Now, you can trim these numbers down if you need to. You don’t have to use DigitalOcean, or Vercel’s paid tier, for example. You could host on GitHub Pages or Netlify’s free tier. Supabase also has a generous free plan if you’re within the limits. You could skip the accountant and do your taxes manually (been there, not fun, and my background is actually in taxes!), and maybe you only really need one domain.
But the tradeoff is comfort vs. cost. And some tools will save you days, weeks, and months of work.

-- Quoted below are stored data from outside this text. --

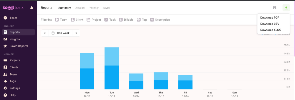 You can choose between Summary, Detailed, or Weekly reports to share with clients in PDF, CSV, or XLSX format.
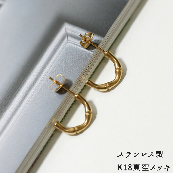 金属アレルギー対応 ステンレスピアス 【164. オーガニック フープ ゴールド ピアス】 スタッド メール便送料無料 国内発送
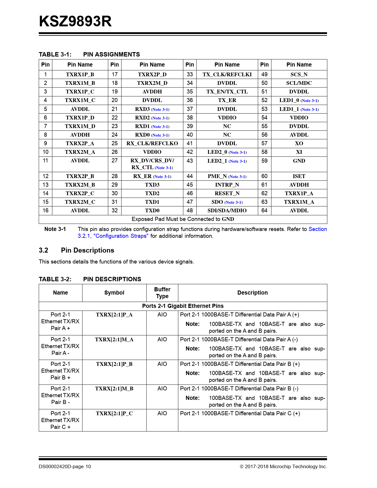 TABLE 3-2: PIN DESCRIPTIONS Buffer Name Symbol Description Type Ports 2-1 Gigabit Ethernet Pins
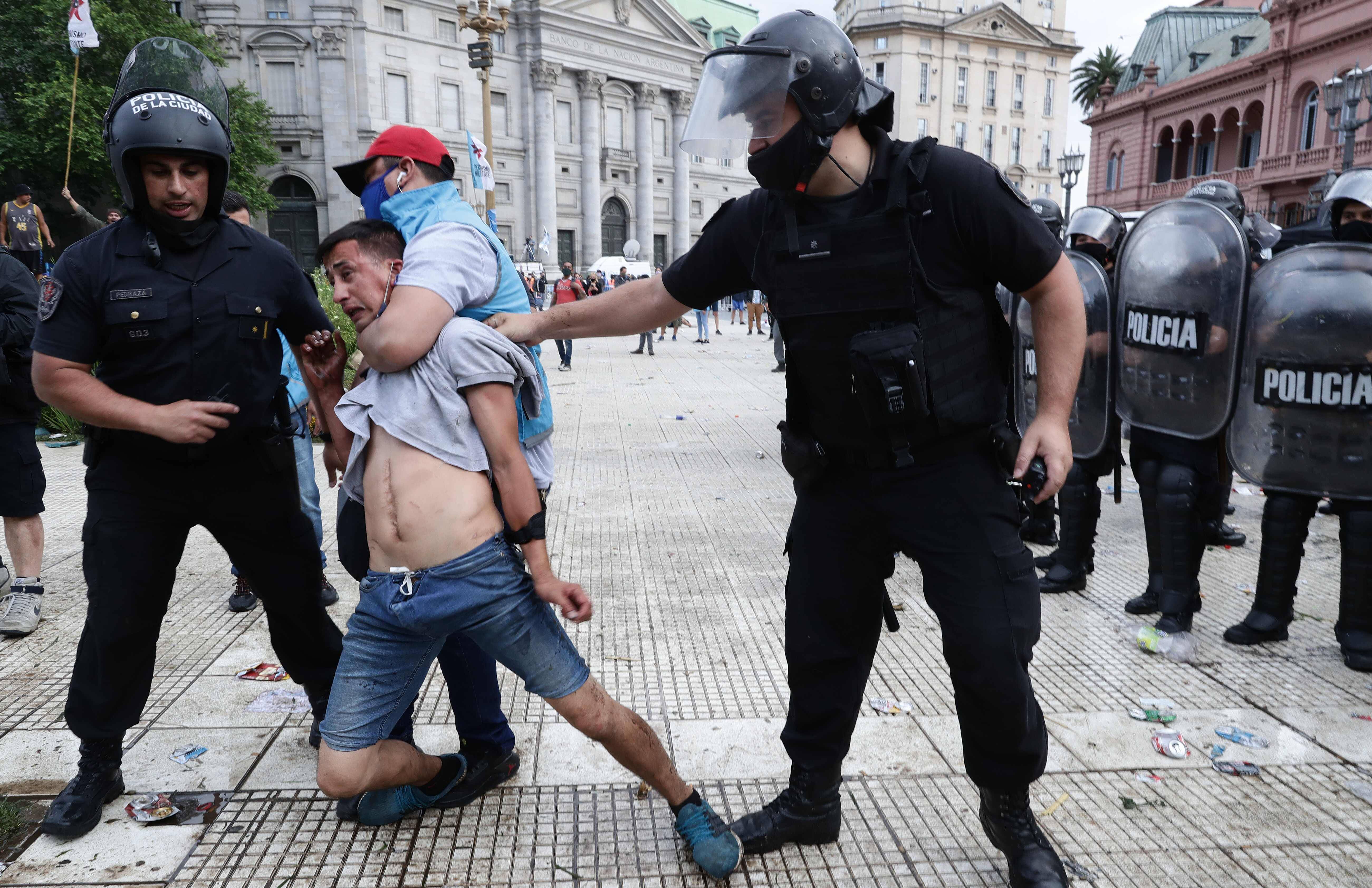 >>>当地时间26日下午,正在阿根廷首都布宜诺斯艾利斯总统府举行的该国传奇球星迭戈·马拉多纳的告别仪式中发生多起暴力事件,一群马拉多纳的球迷高喊口号强行进入玫瑰宫,引发现场混乱,警方已进驻现场维持秩序。为了安全起见,工作人员已经把马拉多纳的木棺搬离现场,将被运往布宜诺斯艾利斯市市郊下葬,原定于19时结束的遗体告别仪式提前结束。
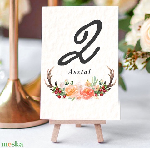 Agancsos, Őszi esküvőre asztalszám kártya, októberi, rózsás, október, agancs, narancssárga, barna
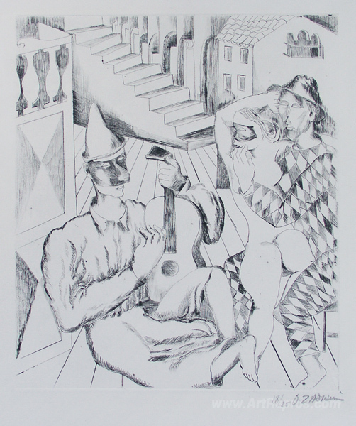 We offer you a handcrafted reproduction on canvas of the famous artwork 'Masquerade' by Ossip Zadkine, from the Reproduction Museum.
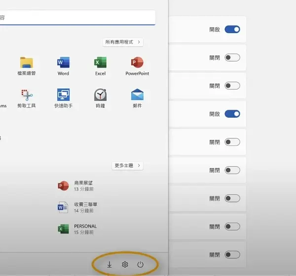 还可以通过在「开始」菜单,搜索「设置」,依次点击「个性化」—「开始」—「资料夹」来开启所需要的项目,开启后项目就会出现在「开始」菜单的右下方。
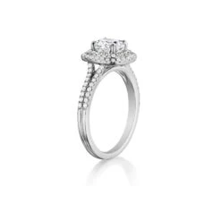 Henri Daussi Cushion Double Halo Complete Engagement Ring Setting (0.97CTW)
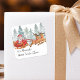 Kids father christmas stickers featuring a minimilist white background, elegant watercolor pine trees, santa claus with his reindeers, snowfall, and a text template for you to personalize.
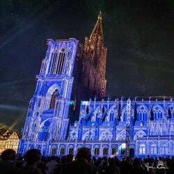 Tableau sur toile 45x45 cm - Tableau ballet d'ombres cathédrale de Strasbourg - Impression sur toile murale décorative avec châssis en Bois - Fabriqué
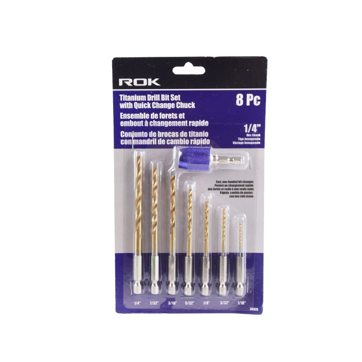 Titanium Drill Bit Set With Quick Change Chuck 1/4" Hex Chank 8pc
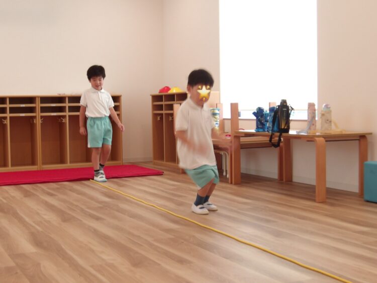 たいよう組はロープを軸に左右に両明日ジャンプと片足ジャンプ。
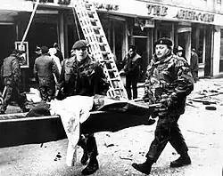 ![]() A victim's body being removed from the scene by members of the security forces following the bomb explosion | |
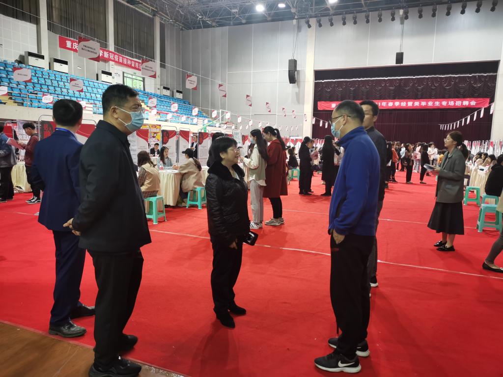 为了进一步推动公司毕业生就业工作,实现经管类毕业生高质量就业,由会计公司、工商管理公司、太阳网集团tcy8722联合承办的太阳网集团tcy87222021届经管类毕业生专场招聘会于4月16日在体艺馆顺利举行。董事长孙芳城、重庆市注册会计师协会副秘书长、重庆市资产评估协会秘书长王琳、人才招聘处及公司相关负责人、专任教师、毕业班辅导员到现场指导员工就业。
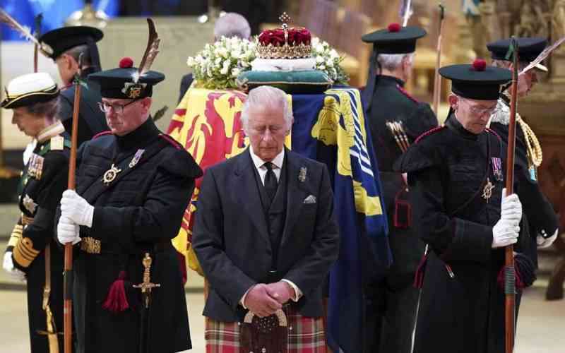Britain's King Charles III, center, and other members of the royal family hold a vigil at the coffin of Queen Elizabeth II at St Giles' Cathedral, Edinburgh, Scotland, September 12, 2022. [AP photo]
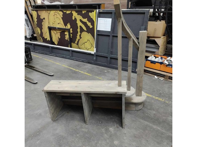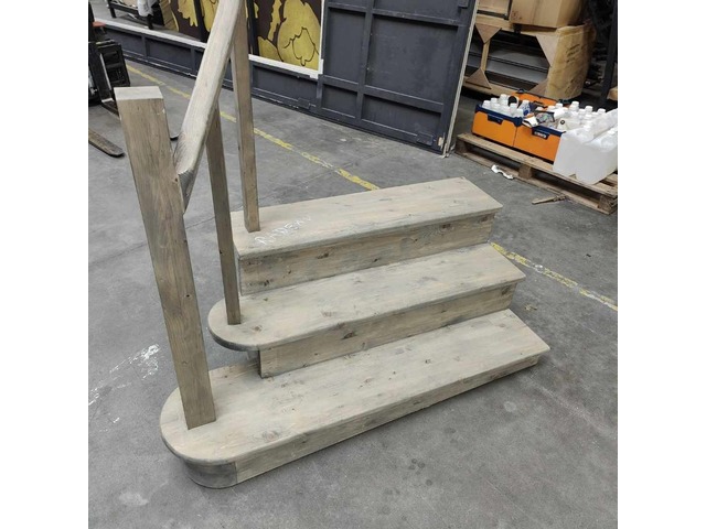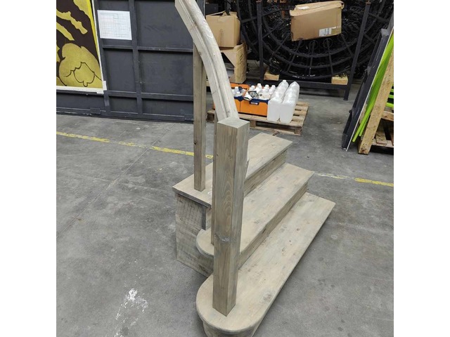 Escalier en bois à pente marquée, conçu comme élément de décor pour scénographie et aménagement de plateau.Structure, marches et rambarde entièrement en bois, finition brute patinée.
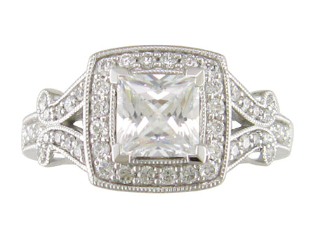 14K White Gold Milgrain Diamond Halo Semi Mount Engagement Ring
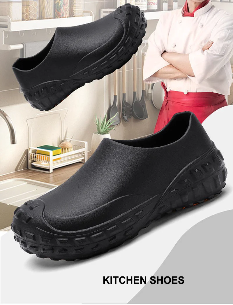 1. Get the job done right in the tiger master kithcen shoes. These no lace chef shoes are moisture-wicking lining to help keep your feet dry and a slip resistant EVA sole for excellent stability.
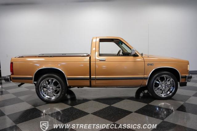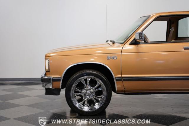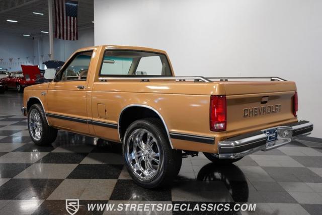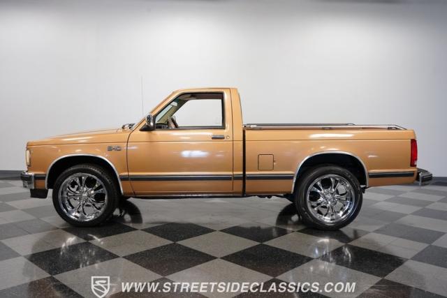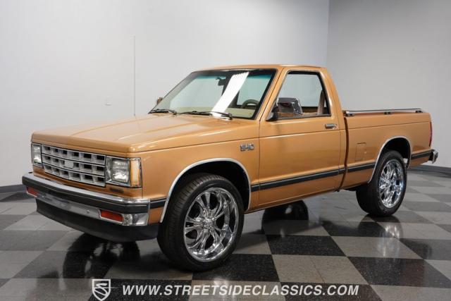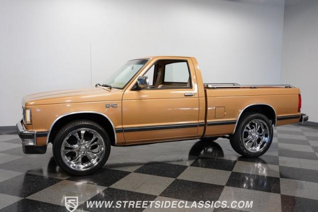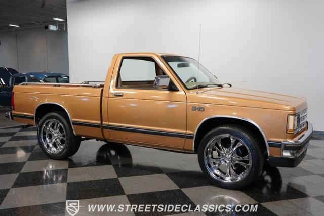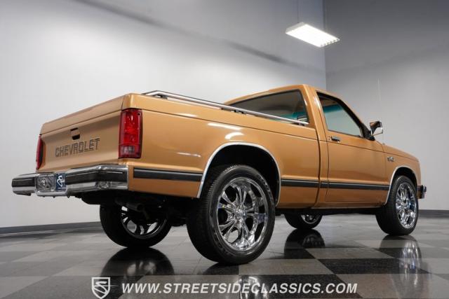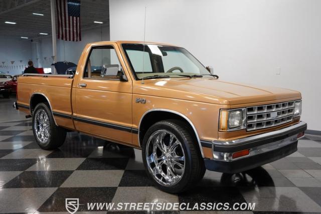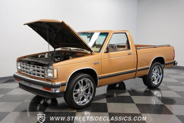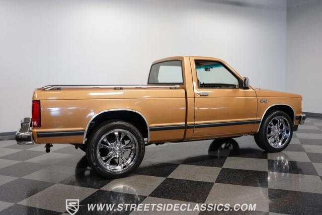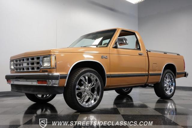 This 1984 Chevrolet S10 defines pickup truck versatility. From its gold finish to its custom wheels, this S10 blends classic hauling ability with street-smart style. Call today!
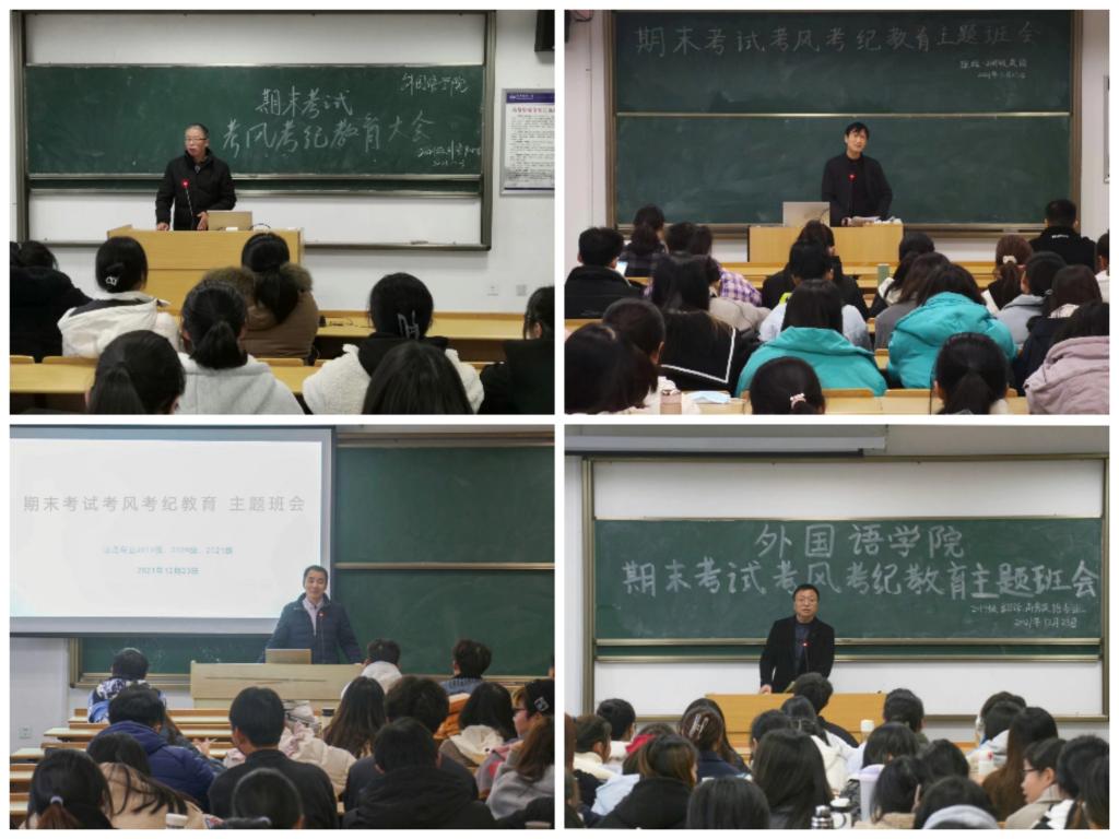 外国语学院历来重视考风建设,以考风促学风。本次学院领导班子深入班级以身说法,提高了同学们的学习积极性和备考复习热情,让同学们端正了学习态度,为同学们树立起诚信考试的良好观念,为良好的考风、学风建设打下了坚实的基础。(撰稿:唐洁 张婉儿 摄影:王子 刘凯文 审核:李亦亮)

You save money, but you pay in time, mental overhead, and the occasional “why isn’t this working” spiral at 2 AM.
It’s not necessarily a bad thing, especially early on when every dollar counts, but it’s worth being honest about the tradeoffs.
On the flip side, it’s very easy to crank those expenses way up if you’re not careful. A couple more SaaS tools here, a $50/month analytics service there, maybe a few premium domain names you swear you’ll use “eventually.” Suddenly you’re spending $300+ a month before you’ve made a dime.
I’ve been there too. My inner artist couldn’t resist trying MidJourney. I told myself it was for “creative exploration,” which it kind of was, but in reality, I used it maybe 10 times over 3 or 4 months, and paid every penny of the fee during those months.
Cool tool, but definitely not worth the subscription for me. It was a good reminder that not everything needs to be a paid monthly commitment (It’s a great tool btw, is getting almost there, note how a character is missing in the thumbnail, it couldn’t render the text properly after a few tries but close enough).
I think the sweet spot is finding the stack that makes your life easier enough without draining your runway. Pay for the tools that actually move the needle and be ruthless about the rest.